Remember when Jigga Man asked, “Who’s the best emcees, Biggie, Jay-Z or Nas?” Cats really had to contemplate that. Similarly these days, the NFL QB King changes weekly. Is itBrady, Brees, Rodgers or Manning?
The only sure thing in the debates of greats is that Calvin Johnson is the best wide receiver – maybe the best player – in the NFL.
He’s part ballerina, part giraffe and part rocket ship. The Megatron marathon continues to dip by, rip into and barrel through NFL defenses, and statistically, he makes mincemeat out of his contemporaries. Sorta like Jerry Rice did in his day.
Megatron is a cut above the rest and simply the best at dominating his position, compiling 3,654 receiving yards since ’11 . That's 722 more than his next closest comp (Wes Welker). Since then, he’s also averaged an NFL-high 113.9 yards per game, and has 38 receptions of at least 25 yards.
Just add in that his 169 receptions resulting in first downs leads the next closest guy (Roddy White) by 19 grabs and we can go straight to indictment in the case of dope receivers.
There is one debate still up for grabs concerning Johnson, and that’s all-time greatest. At one time, Rice seemed like the immovable object in that category, but Johnson’s record-breaking ’12 campaign, in which he grabbed 122 passes and shattered Rice’s single-season receiving mark with 1,964 yards, has expeditiously boosted him into another orbit of elite.
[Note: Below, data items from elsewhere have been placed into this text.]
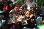 We are tired and hungry, so eat our curries gratefully, but – like nearly all Burmese food, it is cold and filthy. Power shortages mean there is no refrigeration here (apart from at the smarter establishments with their own generators) so all the local food is drenched with oil and garlic to preserve it, whilst all fish (including shellfish) are generally dried or fermented to increase their longevity: both methods are effective but the outcomes are disgusting.
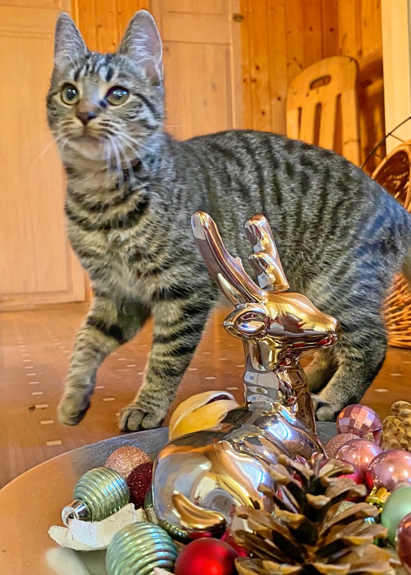 Sera und Ria waren unsere ersten vierbeinigen Models, die sich super geschlagen haben. Zu Beginn haben sich die beiden über die Dekoration „hergemacht“, wobei Ria anschließend versuchte den Weihnachtsstern zu hypnotisieren :-). Immer in meiner Nähe war die kleine Emmi. Sie war mein Schatten, ist sie doch gewohnt, dass ich bei meinen Besuchen ausgiebig mit ihr kuschele. Ihren auffordernden Blick „Ich bin hier und will gestreichelt werden“ musste ich einfach festhalten.
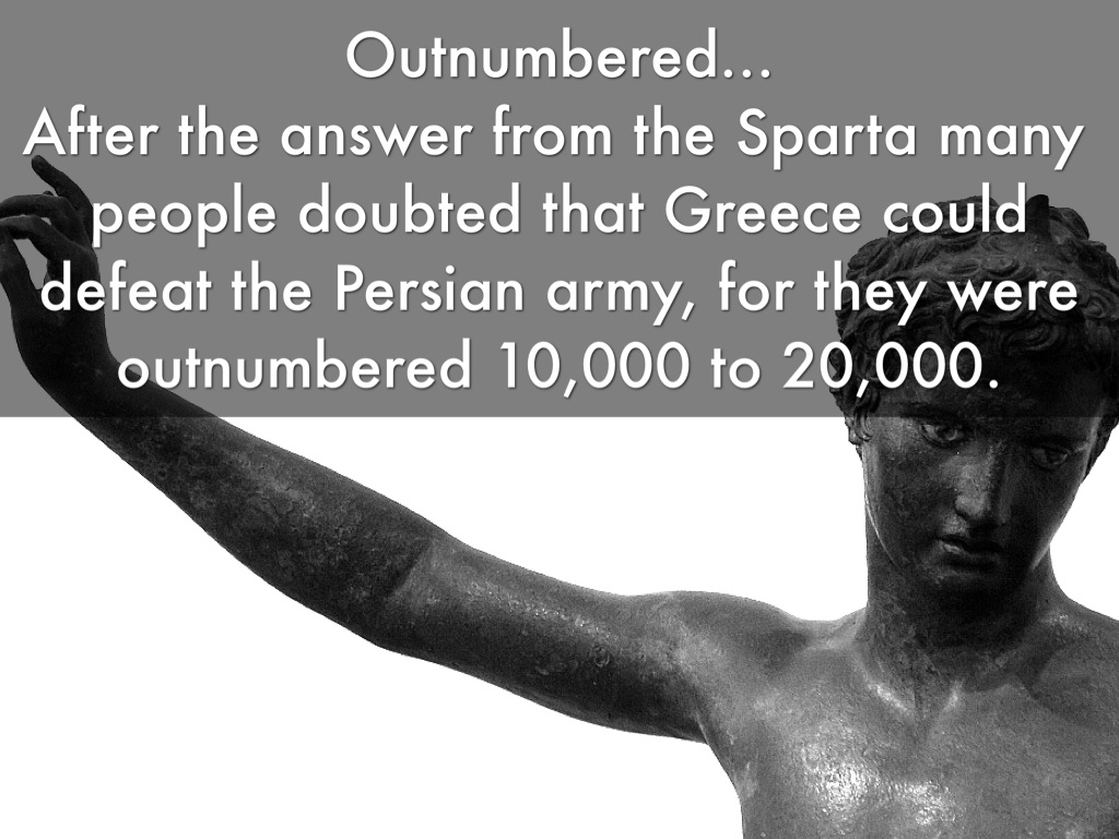 Outnumbered... After the answer from the Sparta many people doubted that Greece could defeat the Persian army, for they were outnumbered 10,000 to 20,000.
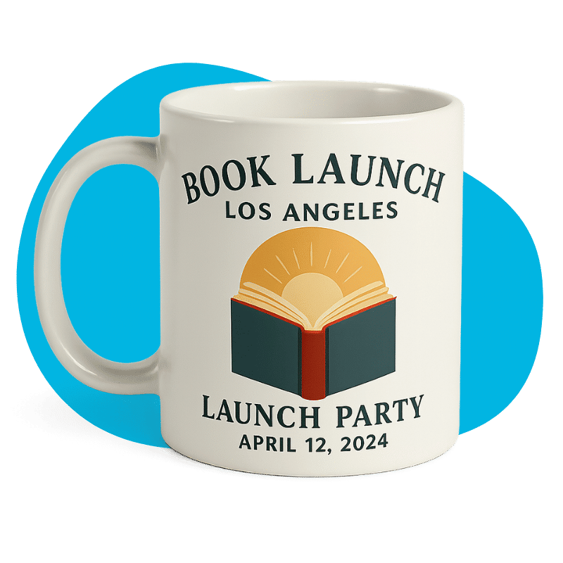 Celebrate with branded mugs featuring the book release date and artwork-a perfect keepsake or door prize for attendees.

Sure, Megatron needs to get his TD grabs up before he can be considered better than the “hardest working man in throw business.” Five scores for a guy with over 100 grabs is a bit light. Rice proponents would say that Megatron benefits from playing in a pass-drunk, defense-defunct NFL.
On the flip side, Johnson has accumulated his whopping stats on sheer freakish talent and superior ability. Let’s not forget, until Matthew Stafford hit the scene, Megatron had the likes of Jon Kitna, a washed Daunte Culpepper, Dan Orlovsky, Drew Stanton and Shaun Hill tossing him the rock. That’s a QB lineup uglier than an Anna Benson tirade . Rice had hard-body Hall of Famers darting him the pigskin.
With “Air” Stafford locked in for the next five years and an OC in Scott Linehan – who, since his arrival in ’09, has molded a unit that is “built to throw the ball” – sky is the limit for the M&M Boys (Matthew and Megatron).
Even Rice, who doesn’t give anybody props if they don’t deserve them, is Cali-Kush high on Johnson’s future. He basically laughed in Randy Moss’s face; but with Megatron, Rice (dare we say it) is ready to concede the throne. “I tried to get to 2,000 yards and I was not successful,” Rice, who held the mark since ’95, said in an ESPN TV interview last season. “I think he’s gonna do it.”
Johnson is in his athletic prime at age 27. The 6´5, 240-pound game-wrecker has smashed his classmates and will spend the rest of his career chasing ghosts and living legends. If he can slip in a couple of Rice-like Super Bowl performances, y’all can just see him at the top.